Don cleared his throat. "If you're still bitter at me, how about we talk through it instead of pretending we're enemies?"

That made Raph glance sharply at him. "Whaddya mean?"

"I mean you were fighting me even before I started playing dirty, Raph," said Don. "But somehow, I'm the only one who has to apologize, which I have done. So what now?" Donatello watched his brother carefully.

The veins in Raph's neck flashed into visibility, then disappeared, brief agitation passing. "I know you were just tryin' a' help. Butcha fucked up. Didn't even think about what I needed you ta--"

"What you needed was the first thing on my mind," Don said patiently, "but you weren't giving me any clues. I'm not even convinced you knew what it was yourself. But if you wanted something from us, you needed to quit fighting us and let us know what it was. Meet us halfway."

That was caused Raph's eyes to widen briefly. "Halfway, huh?" Those eyes fell to the stream below them. For a moment, no one said a word besides the river and the birds and the squirrels crashing in the trees. The sun was warm and the wind was cool. "Okay," Raph said quietly. "Whaddya want?"

"Huh?"

"I'm gonna meetcha halfway. Whaddya want from me?"

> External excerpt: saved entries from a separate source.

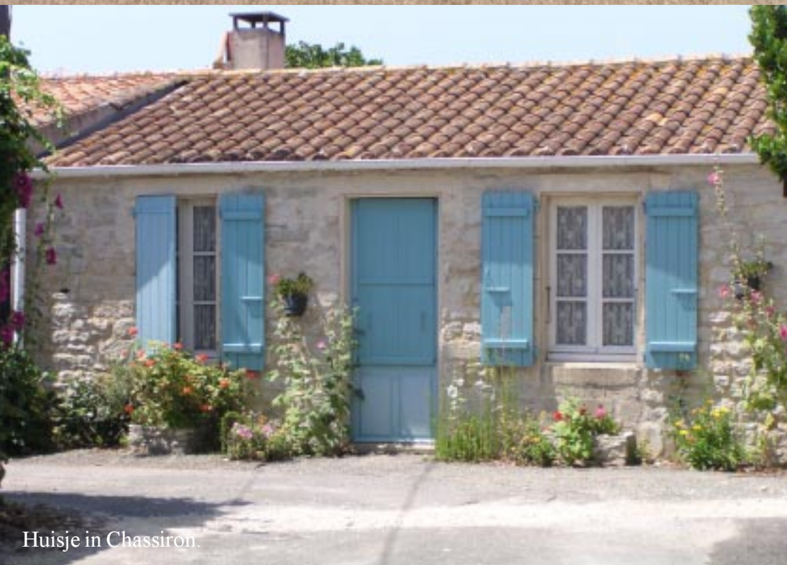
Huisje in Chassiron.
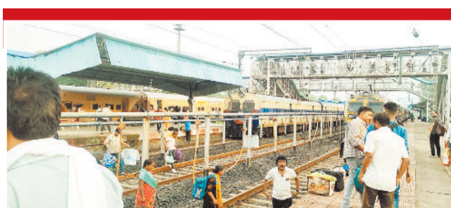
यात्रियों और स्थानीय संगठनों ने डीआरएम कार्यालय से आग्रह किया है कि इस प्रस्ताव को 6 माह की ट्रायल अवधि के लिए शुरू किया जाए। ट्रायल पूर्ण होने के

एमसीबी जिले के हजारों रेल यात्रियों की लंबे समय से उठती आवाज शहडोल-नागपुर ट्रेन को चिरमिरी तक विस्तारित किए जाने की एक बार फिर जोर पकड़ रही है। यह मांग केवल एक सामान्य अपेक्षा नहीं, बल्कि शिक्षा, स्वास्थ्य, व्यापार, रोजगार और पर्यटन जैसे महत्वपूर्ण क्षेत्रों से जुड़े व्यापक जनहित का मुद्दा है। क्षेत्र के विभिन्न संगठनों, जनप्रतिनिधियों और आम यात्रियों ने रेलवे प्रशासन से इस प्रस्ताव पर गंभीरता से विचार करने की अपील की है। इस प्रस्ताव की सबसे बड़ी विशेषता यह है कि
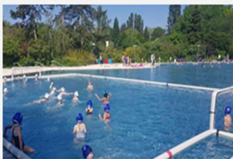
Nager Nature 2025 : des ateliers gratuits pour apprendre à nager
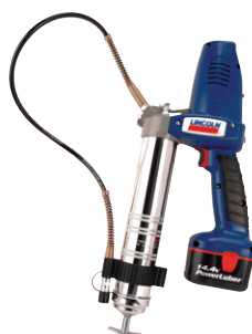
PowerLuber 14 V Modèle 1442-E

Don blinked. That was...a strange question, suddenly. He wanted for Raph not to fight him, to be his ally and brother again. But what could he ask of Raph now? All he wanted at the moment was to know for certain that Raph was okay. His tongue flicked out to moisten his lips. "Have you been having any flashbacks lately?"

There was a pause, as if Raph was thinking. "Not for a couple weeks," he said with some certainty.

"Nightmares?"

A longer pause. "Sometimes."

Don's eyes narrowed suspiciously. "How sometimes?"

Raph's hand darted behind his neck to give the muscles there a nervous rub. "Just sometimes."

"Raph..."

"Almost every night."

Don nodded slowly, unsurprised. "I think you can expect that for a while. And don't be surprised by any flashbacks, either. But...please, please tell me if you feel suicidal again. I know how you feel about drugs, and if you don't want to go that route, we can probably find some sort of therapy for you over the phone."

Raph shook his head softly. "Don't think I'd do so good with therapy. Prob'ly end up yellin' at some shrink who keeps askin' me how I feel." His eyes finally swerved to his brother. "Did any a' your research say if there was anythin' else that could...help?"

This was the hard part. Don shook his head slowly. "If you're asking me for some kind of...of thought process, or trick, there isn't any that I've found. Even...even in my own experiences, sometimes all you can do is just...keep going. And eventually, you make it through."

"Sounds about right," Raph said quietly. He watched Don intently, eyes half-lidded, expression unreadable. "Anythin' else you want?"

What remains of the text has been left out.